Ukrainian Ground Forces unit

The 3rd Separate Assault Brigade (3-тя окрема штурмова бригада) is a brigade of the Ukrainian Ground Forces formed in 2023. It is considered one of Ukraine's most elite military units, and is mostly composed of combat veteran volunteers from other Ukrainian units. In 2025, it formed the foundation for the newly-formed 3rd Army Corps, which the brigade is now a part of.

The brigade was established by a merger of the Azov SSO (Special Operations Forces) units that had been created by former Azov Battalion veterans and local volunteers in Kyiv, Sumy and Kharkiv in reaction the 2022 Russian invasion of Ukraine. The brigade was commanded by Andriy Biletsky, founder and former commander of the Azov Battalion and former People's Deputy of Ukraine.
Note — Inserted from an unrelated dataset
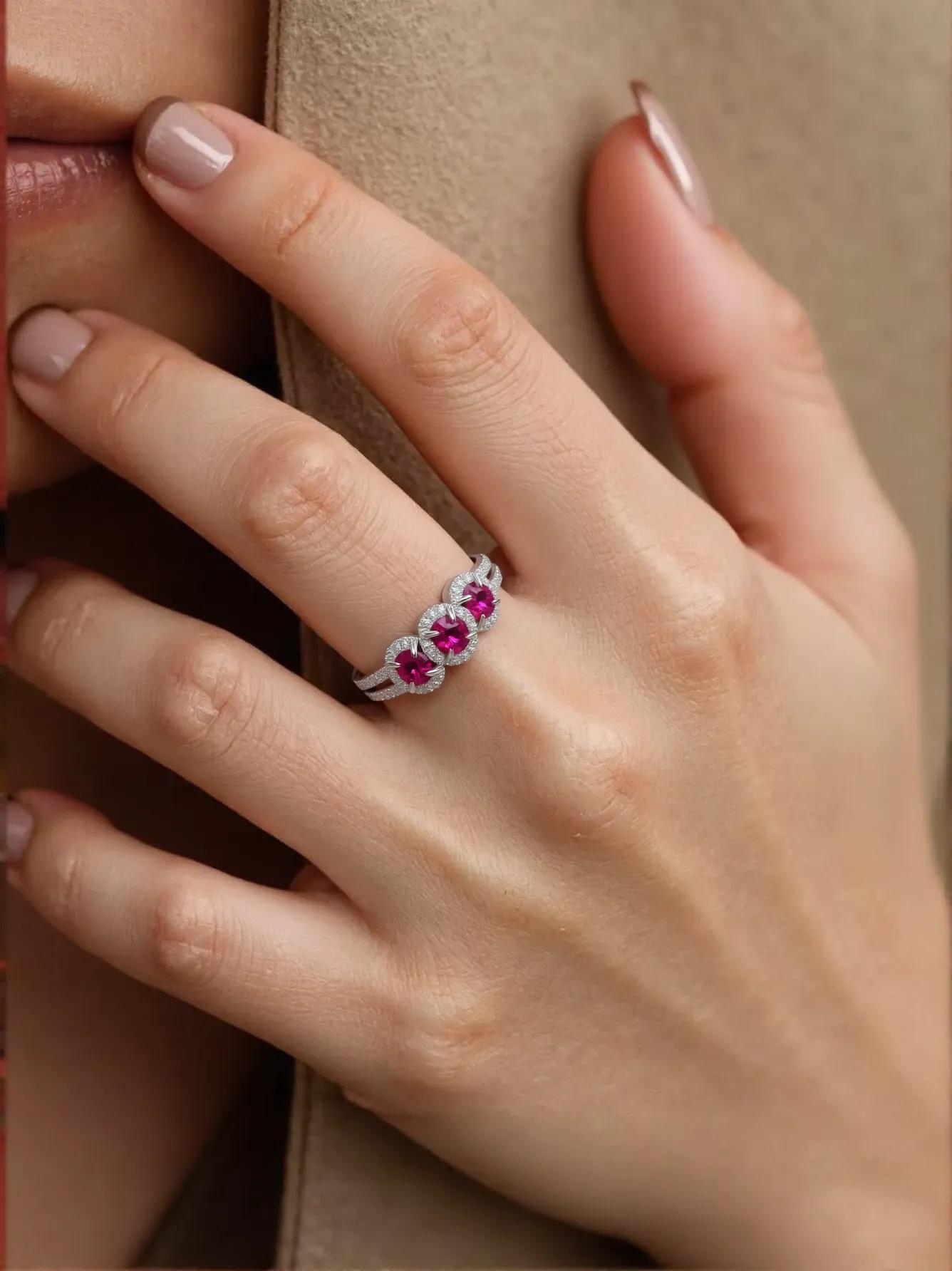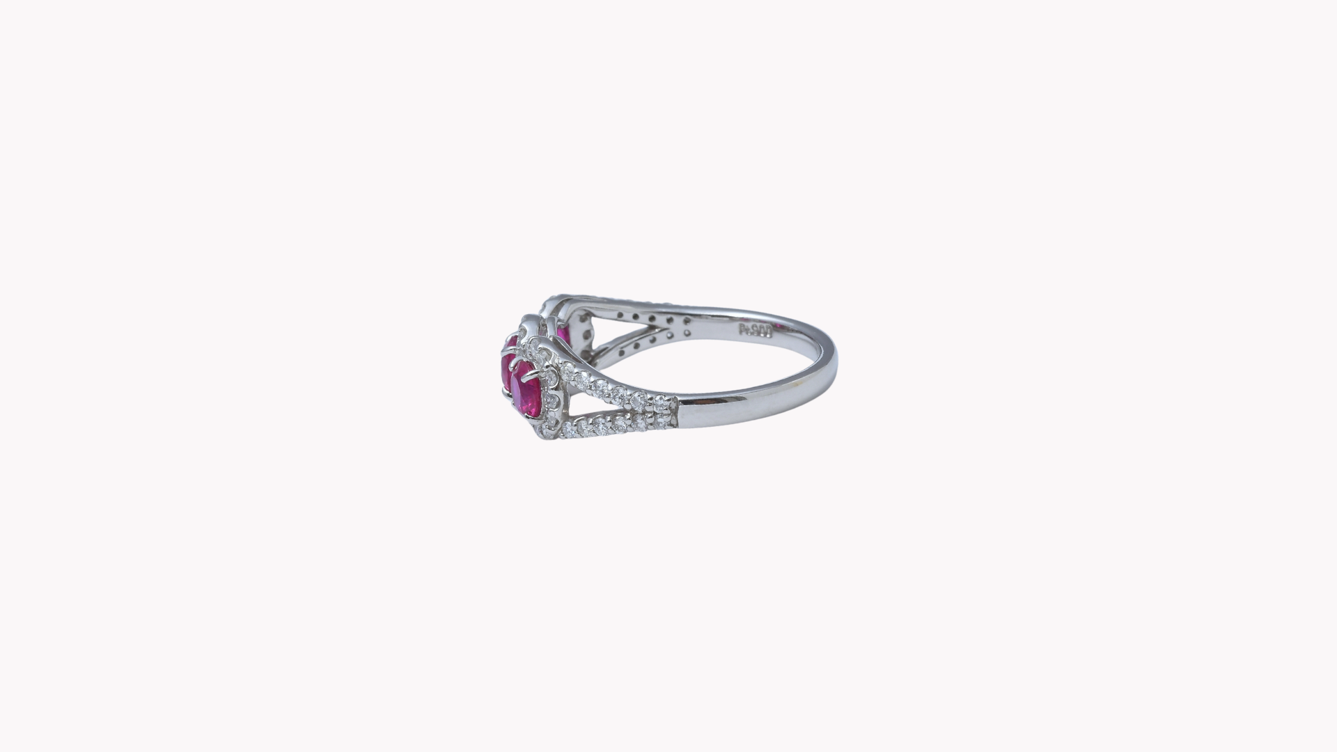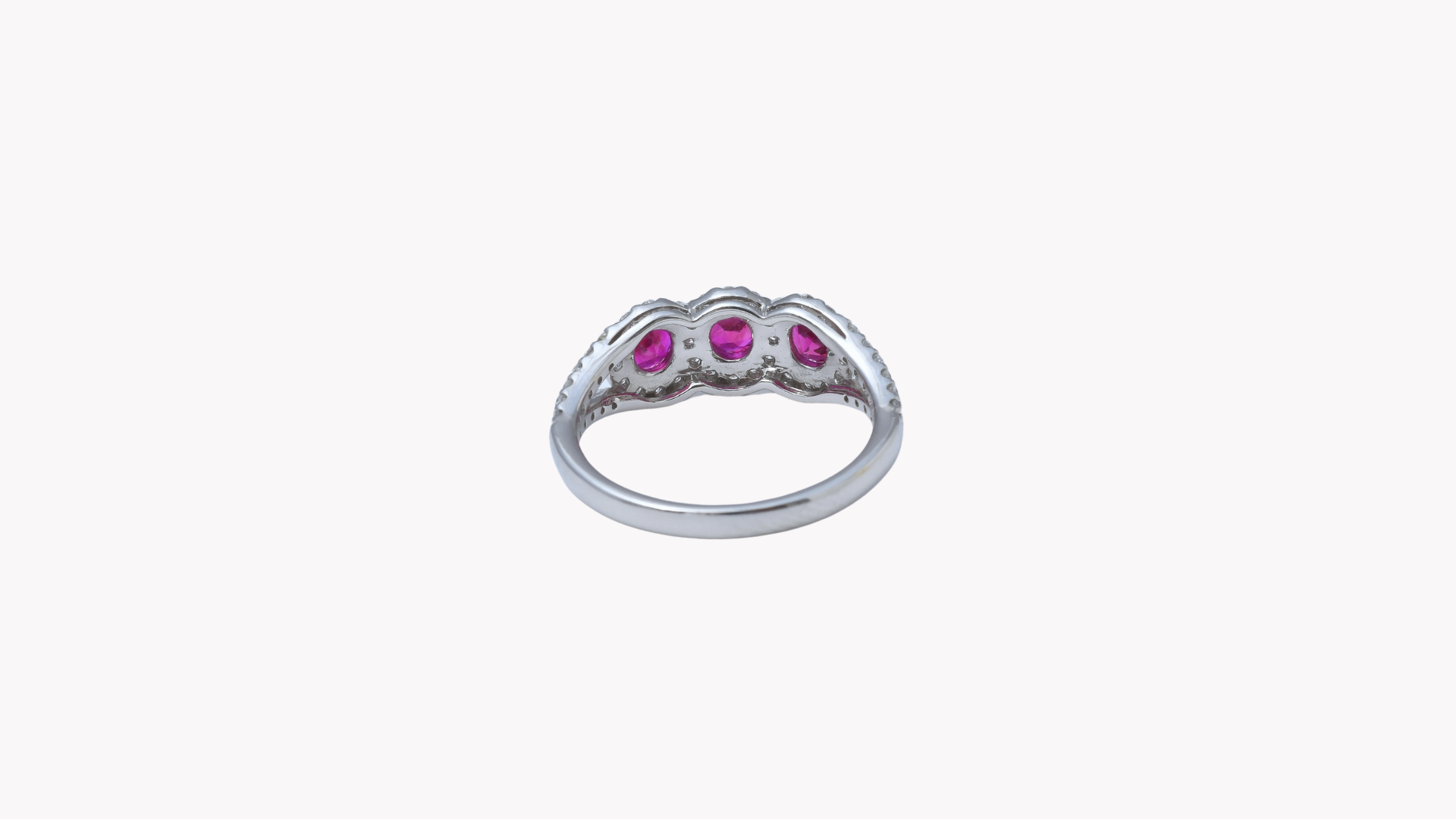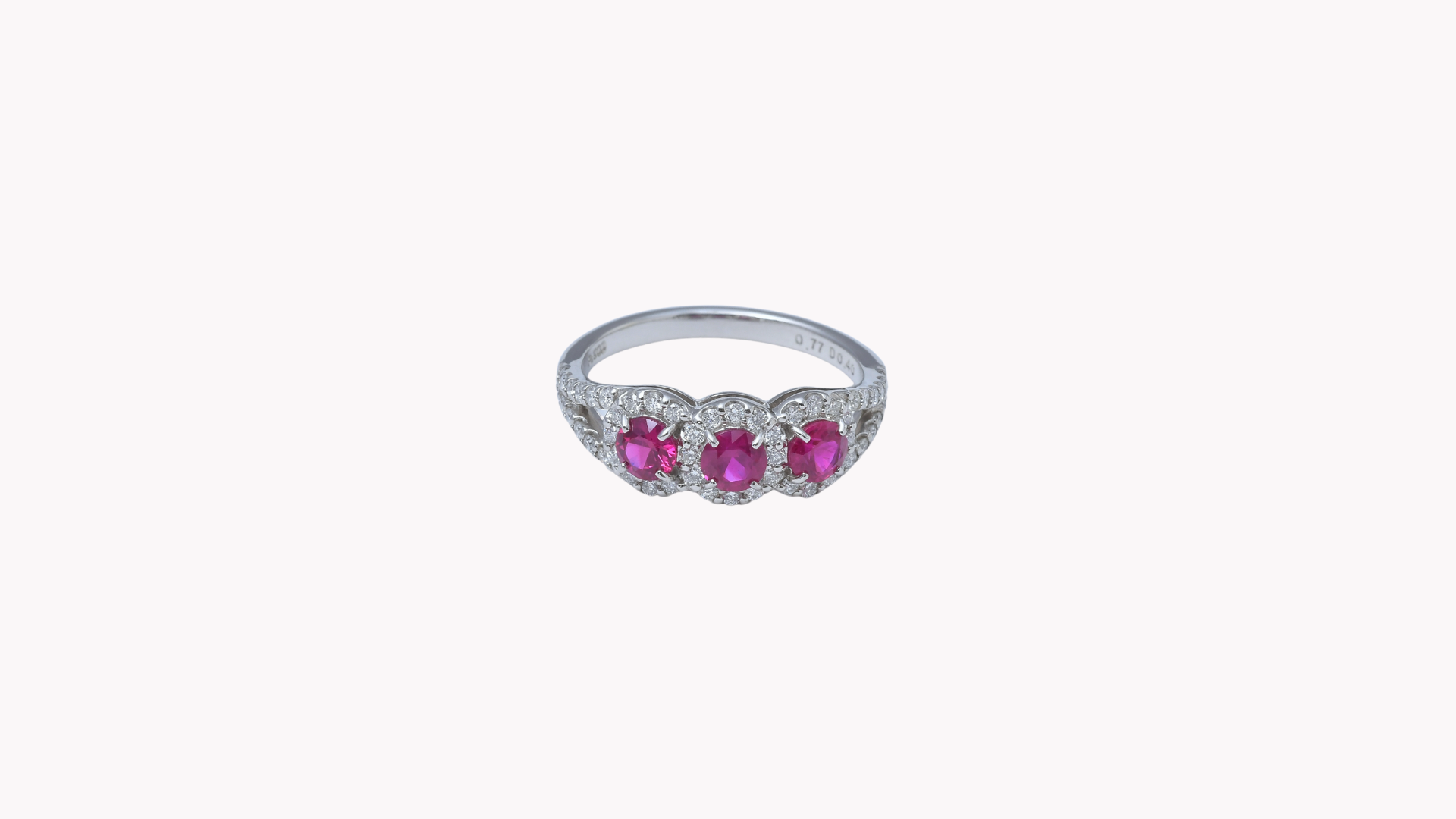 石にこだわった日本ジュエリーの最高峰。こだわりの石とデザインに定評がある逸品です。総計0.770ctのルビー3石と0.400ctのダイヤモンドを配したプラチナバンドリング。

The 3rd Brigade gained broader public attention through the Mstyslav Chernov documentary 2000 Meters to Andriivka, which follows its operations during the fighting near Andriivka during the 2023 Ukrainian counteroffensive.

== History ==

=== Background and founding ===
With the start of the Russian invasion of Ukraine in 2022, most units of the Azov Regiment were based in Mariupol where they soon would be besieged. Outside of Mariupol, many former veterans of Azov outside the city began forming new units, in particular in Kyiv, Sumy and Kharkiv. These units were initially part of the Territorial Defense Forces of Ukraine (TDF). Veterans of the Azov Regiment formed the "backbone" of these units. The Azov TDF units proved themselves to be particularly effective in combat, and thus they were soon turned into regiments and reassigned as part of the Special Operations Forces of Ukraine (SSO) of the Armed Forces of Ukraine, where they received special training and equipment, and became collectively known as "Azov SSO". In addition, at Dnipro, former Azov veterans established the 98th Territorial Defence Battalion 'Azov-Dnipro' of the TDF.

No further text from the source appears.